**WORK TO BE COMPLETED:**
All of the data below should be repeated exactly. Pictures should not be included.

**LISTED ENTRIES:**
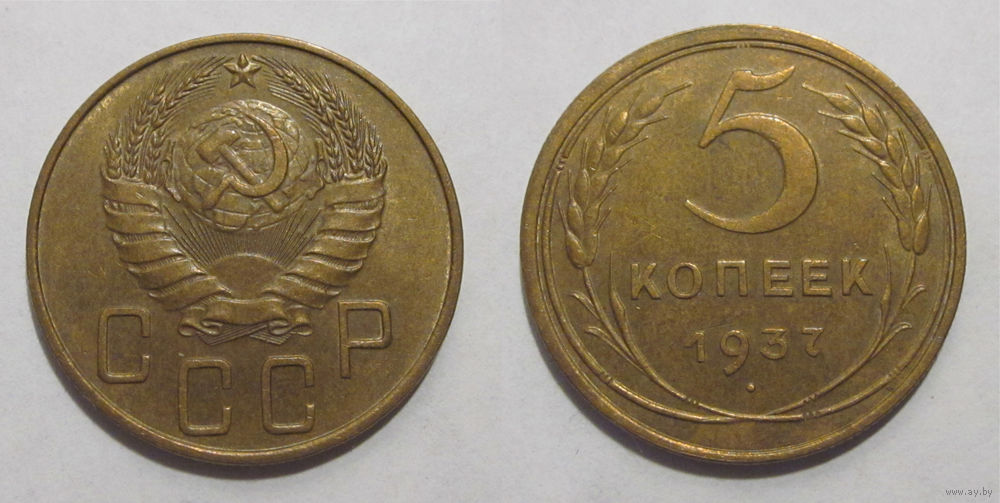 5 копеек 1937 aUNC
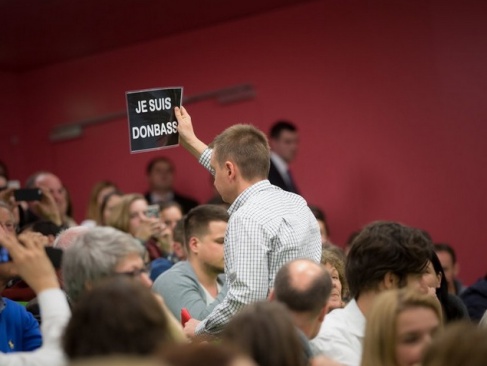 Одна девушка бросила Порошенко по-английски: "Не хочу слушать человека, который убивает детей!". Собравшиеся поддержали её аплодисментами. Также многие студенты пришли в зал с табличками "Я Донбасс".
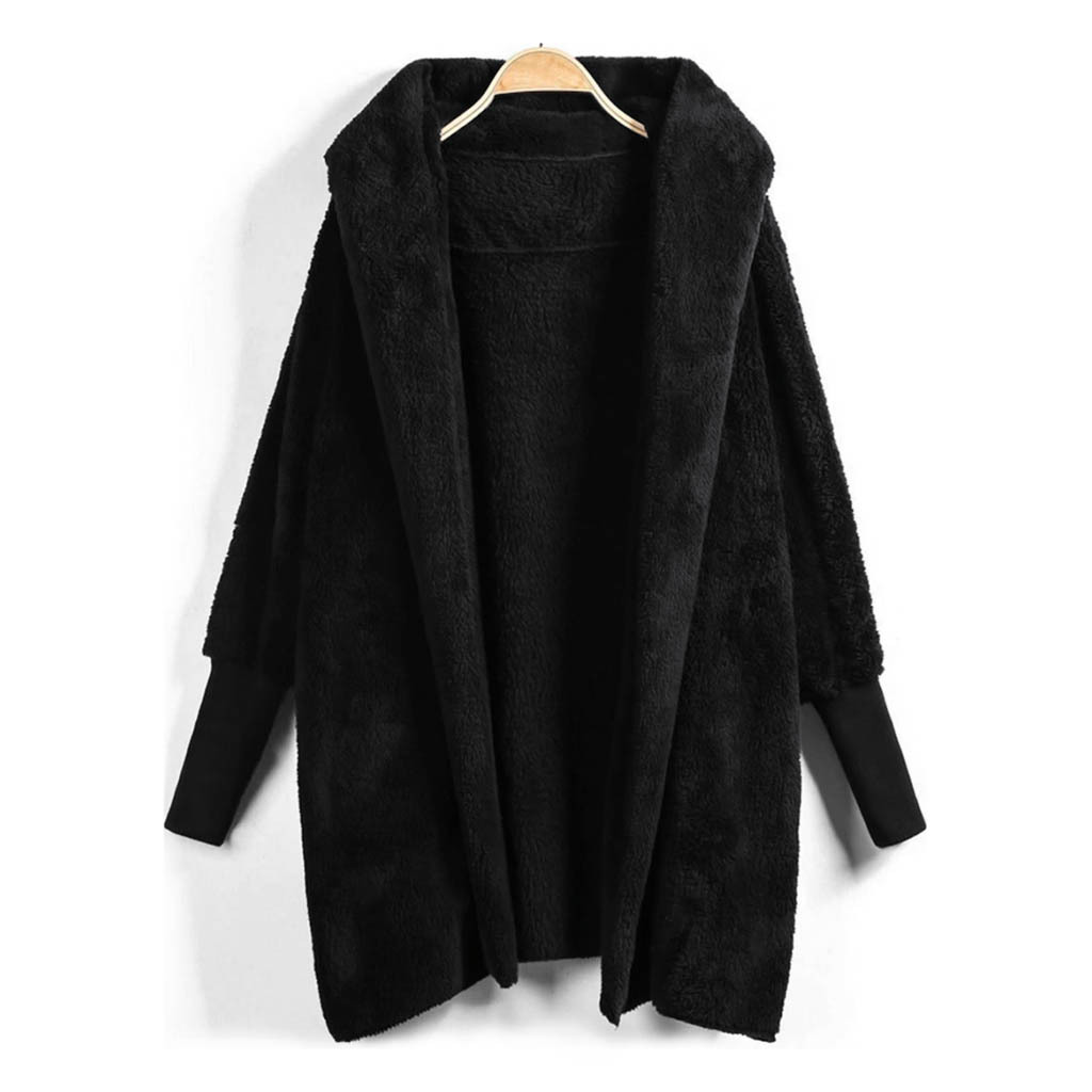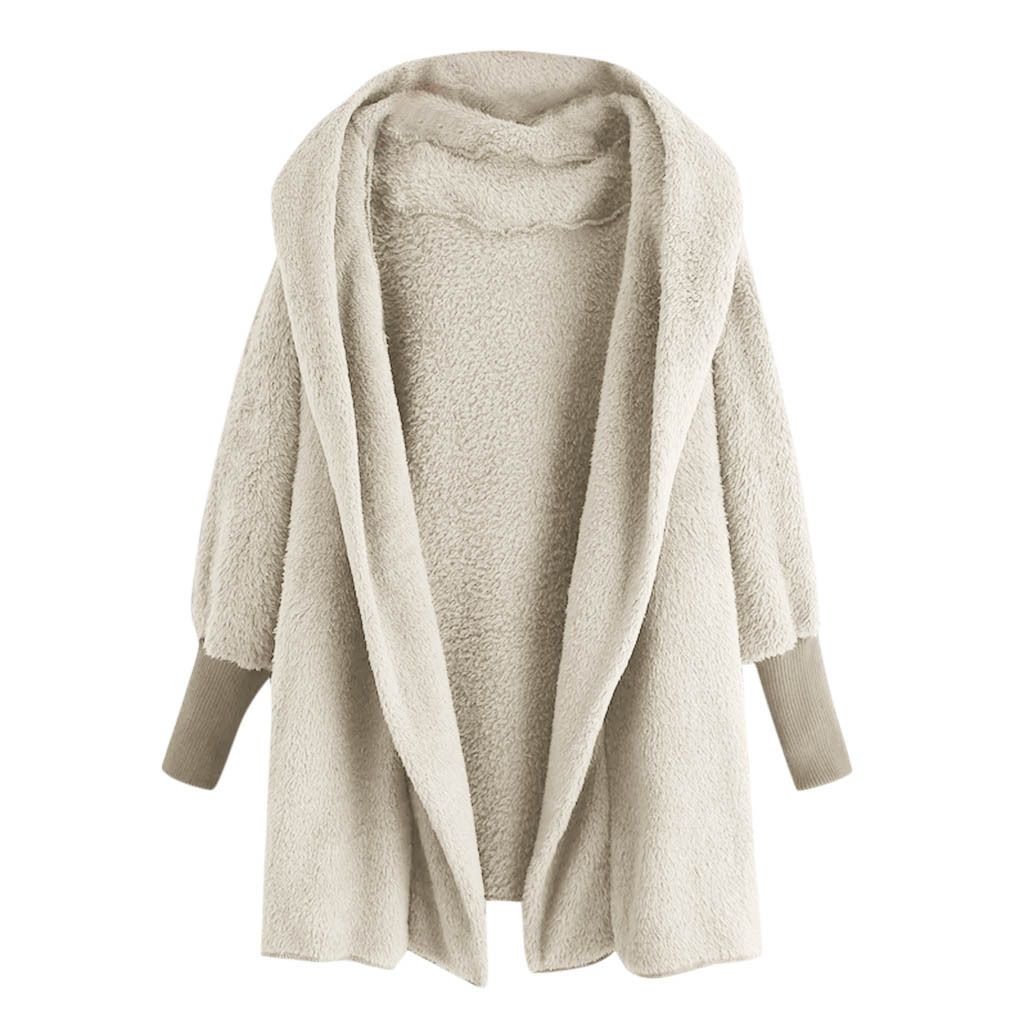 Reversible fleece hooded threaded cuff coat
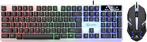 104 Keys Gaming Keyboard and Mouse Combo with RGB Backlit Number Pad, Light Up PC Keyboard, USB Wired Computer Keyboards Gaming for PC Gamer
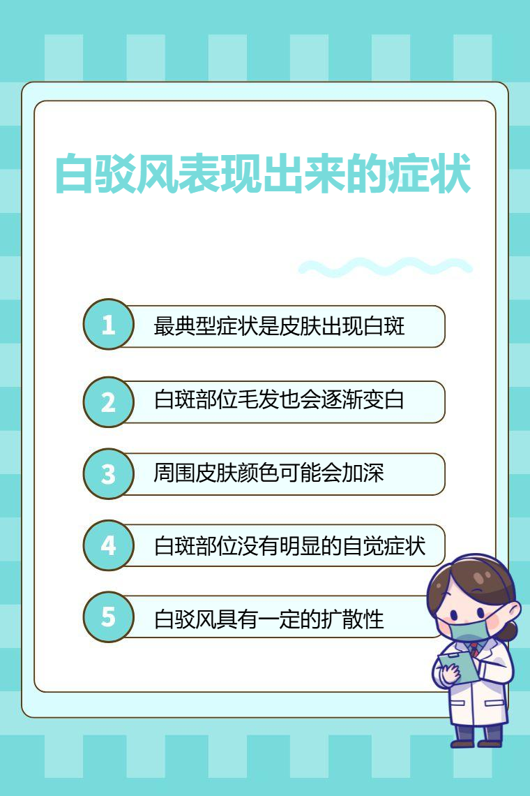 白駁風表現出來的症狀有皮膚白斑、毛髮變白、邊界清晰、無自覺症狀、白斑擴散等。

**EXERCISE SOLUTION:**
 5 копеек 1937 aUNC
 Одна девушка бросила Порошенко по-английски: "Не хочу слушать человека, который убивает детей!". Собравшиеся поддержали её аплодисментами. Также многие студенты пришли в зал с табличками "Я Донбасс".
 Reversible fleece hooded threaded cuff coat
 104 Keys Gaming Keyboard and Mouse Combo with RGB Backlit Number Pad, Light Up PC Keyboard, USB Wired Computer Keyboards Gaming for PC Gamer
 白駁風表現出來的症狀有皮膚白斑、毛髮變白、邊界清晰、無自覺症狀、白斑擴散等。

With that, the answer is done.